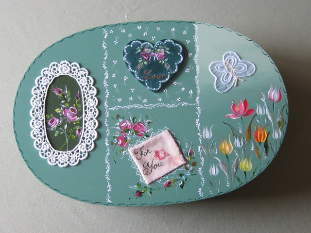 広いフタの部分はレースのモチーフやプリント地,ハートのミニオーナメントなどとペイントを組み合わせてコラージュ風に。
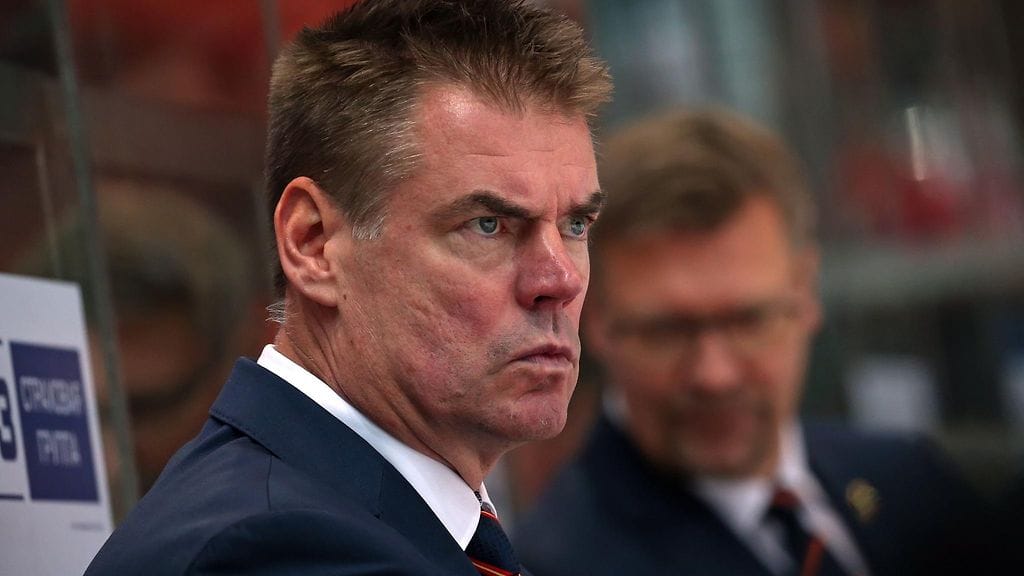 Leijonien valmennusjohtoon kuuluva Raimo Helminen otti lauantain välipäivän treeneissä osaa pelaajien maalintekoharjoitukseen.
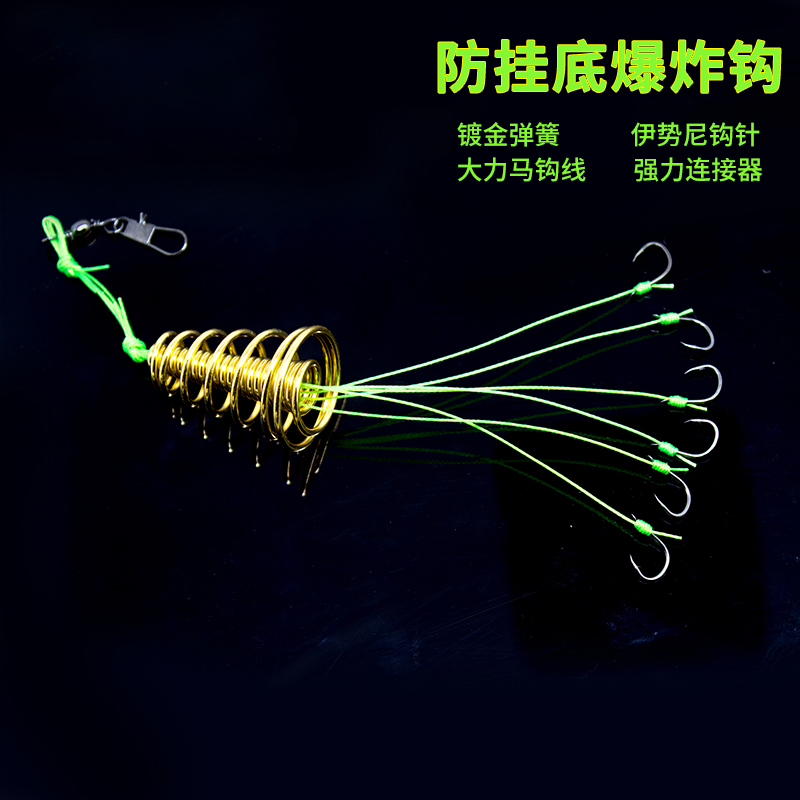 天猫新款防挂底爆炸钩伊势尼鱼钩套装弹簧炸弹钩抛竿海竿钓组钓鱼神器
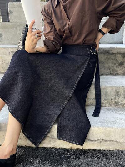 Women's Asymmetrical Design Waist Slit Casual Denim Skirt-25%
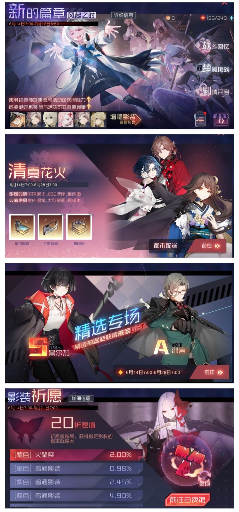 官博公告:https://weibo.com/ttarticle/x/m/show#/id=2309404968037924077584&_wb_client_=1 ○周年_月下异想曲 ☆活动商店:杰诺尔及专属影装 ○都市配送_胧月的茶会 ☆黑雪姬(安) ☆琉璃之绊(安托涅瓦) ☆雨雾蜃气楼(夜) ○限时挑战 ○精选隙间 莉娅、韦迪 ○幻彩三期
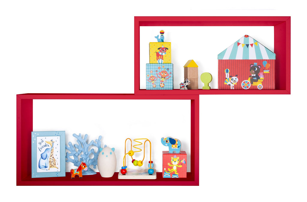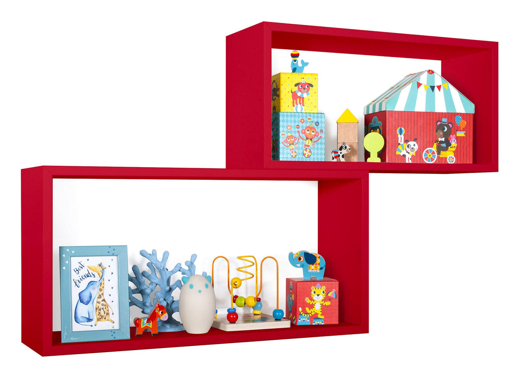 Set 2 Mensole Cubo da Parete Rettangolare in Fibra di Legno Bislungo Rosso
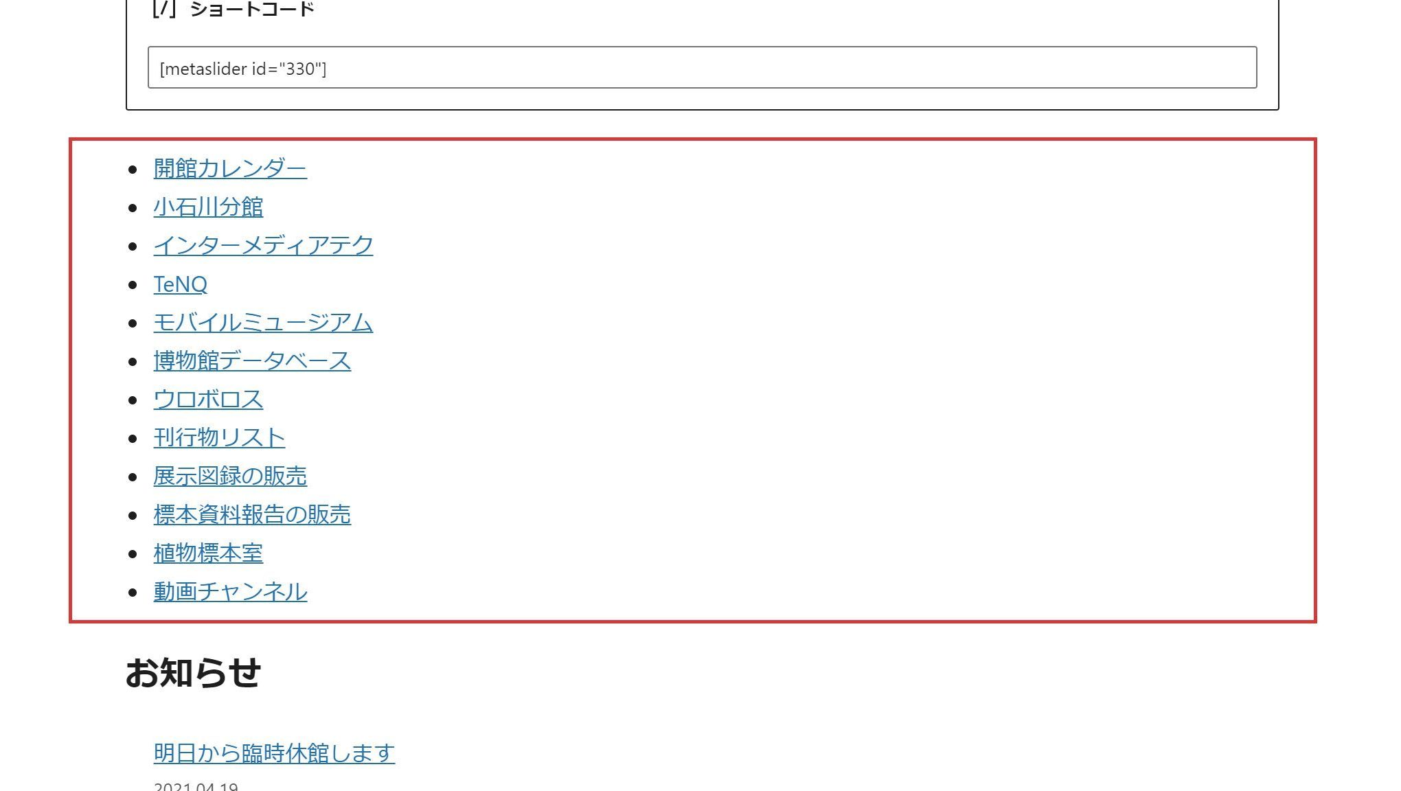 ニュース欄を編集する場合は、新着リスト(投稿の一覧)に注意しながら、既存のリスト項目のみを更新してください。お知らせ以下はグループ化されており、これが崩れると復旧が困難になる恐れがあります。見出しおよびリストの順序を崩さないように更新してください。ご不明な点は管理者にご相談ください。
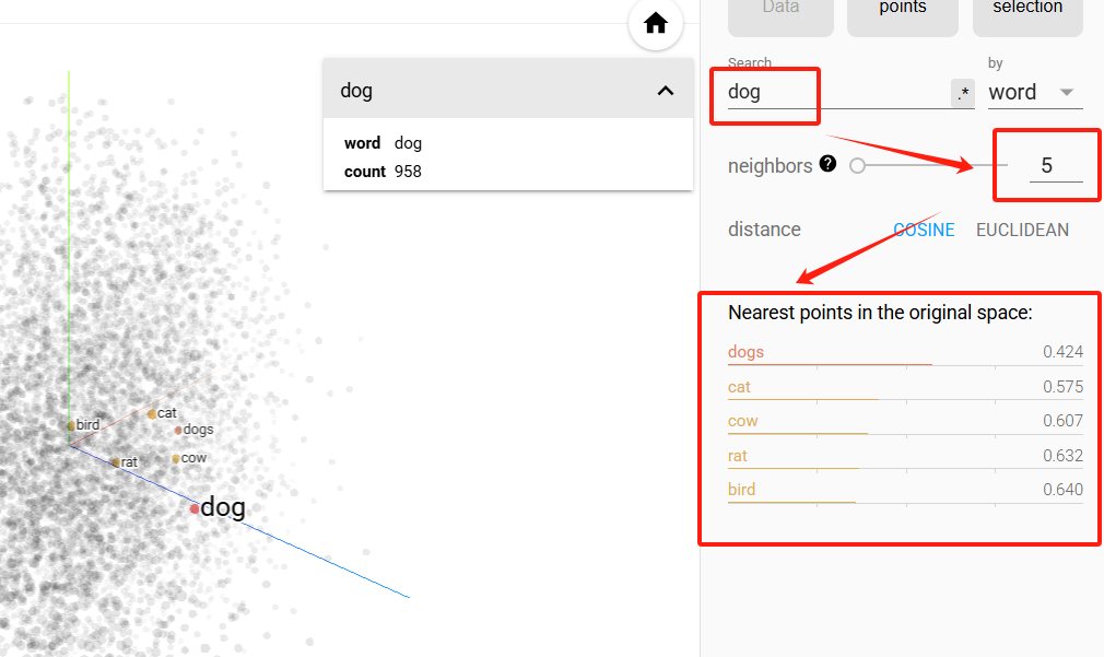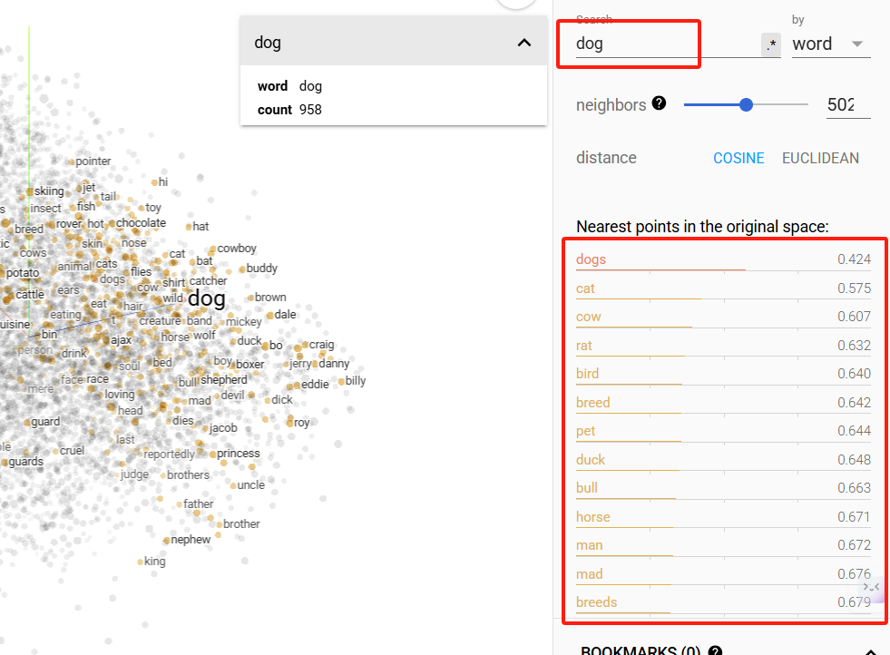 例如:我搜索dog,就能根据dog关键词的向量,找到语义相近的所有词,并根据相似度高低进行排序展示。注意:这个相似度距离是可设置的。
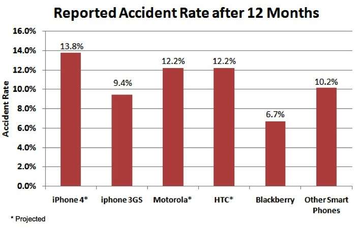 Ricerca SquareTradeLo studio ha rivelato che l'iPhone 4 è lo smartphone più affidabile con solo il 2.1 per cento dei proprietari che hanno avuto un malfunzionamento non dovuto ad incidente nei primi 12 mesi. A seguire, con il 2.3 per cento ci sono l'iPhone 3G S e Motorola.Anche se l'iPhone ha ottenuto ottimi risultati in affidabilità è risultato essere il più soggetto ad incidenti riportando un tasso di rottura del 13.8 per cento nei primi 12 mesi. Essendo ricoperto su entrambi i lati da vetro, lo smartphone di Apple è anche più soggetto a rotture in caso di cadute.Più resistenti i BlackBerry con un tasso di rottura per incidente nei primi 12 mesi di solo 6.7 per cento.
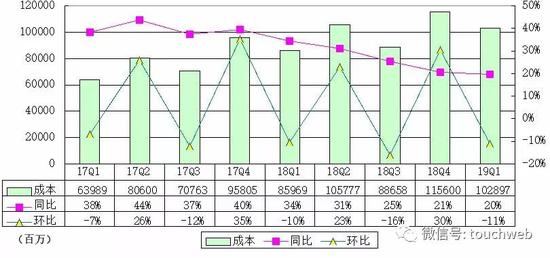 京东第一季度成本为1028.97亿元,较上年同期的859亿元增长20%,较上一季度的1156亿元下降11%。

===

## Work instruction:
Write out every entry again word for word, without any of the pictures.

## Answer to this problem:
 広いフタの部分はレースのモチーフやプリント地,ハートのミニオーナメントなどとペイントを組み合わせてコラージュ風に。
 Leijonien valmennusjohtoon kuuluva Raimo Helminen otti lauantain välipäivän treeneissä osaa pelaajien maalintekoharjoitukseen.
 天猫新款防挂底爆炸钩伊势尼鱼钩套装弹簧炸弹钩抛竿海竿钓组钓鱼神器
 Women's Asymmetrical Design Waist Slit Casual Denim Skirt-25%
 官博公告:https://weibo.com/ttarticle/x/m/show#/id=2309404968037924077584&_wb_client_=1 ○周年_月下异想曲 ☆活动商店:杰诺尔及专属影装 ○都市配送_胧月的茶会 ☆黑雪姬(安) ☆琉璃之绊(安托涅瓦) ☆雨雾蜃气楼(夜) ○限时挑战 ○精选隙间 莉娅、韦迪 ○幻彩三期
 Set 2 Mensole Cubo da Parete Rettangolare in Fibra di Legno Bislungo Rosso
 ニュース欄を編集する場合は、新着リスト(投稿の一覧)に注意しながら、既存のリスト項目のみを更新してください。お知らせ以下はグループ化されており、これが崩れると復旧が困難になる恐れがあります。見出しおよびリストの順序を崩さないように更新してください。ご不明な点は管理者にご相談ください。
 例如:我搜索dog,就能根据dog关键词的向量,找到语义相近的所有词,并根据相似度高低进行排序展示。注意:这个相似度距离是可设置的。
 Ricerca SquareTradeLo studio ha rivelato che l'iPhone 4 è lo smartphone più affidabile con solo il 2.1 per cento dei proprietari che hanno avuto un malfunzionamento non dovuto ad incidente nei primi 12 mesi. A seguire, con il 2.3 per cento ci sono l'iPhone 3G S e Motorola.Anche se l'iPhone ha ottenuto ottimi risultati in affidabilità è risultato essere il più soggetto ad incidenti riportando un tasso di rottura del 13.8 per cento nei primi 12 mesi. Essendo ricoperto su entrambi i lati da vetro, lo smartphone di Apple è anche più soggetto a rotture in caso di cadute.Più resistenti i BlackBerry con un tasso di rottura per incidente nei primi 12 mesi di solo 6.7 per cento.
 京东第一季度成本为1028.97亿元,较上年同期的859亿元增长20%,较上一季度的1156亿元下降11%。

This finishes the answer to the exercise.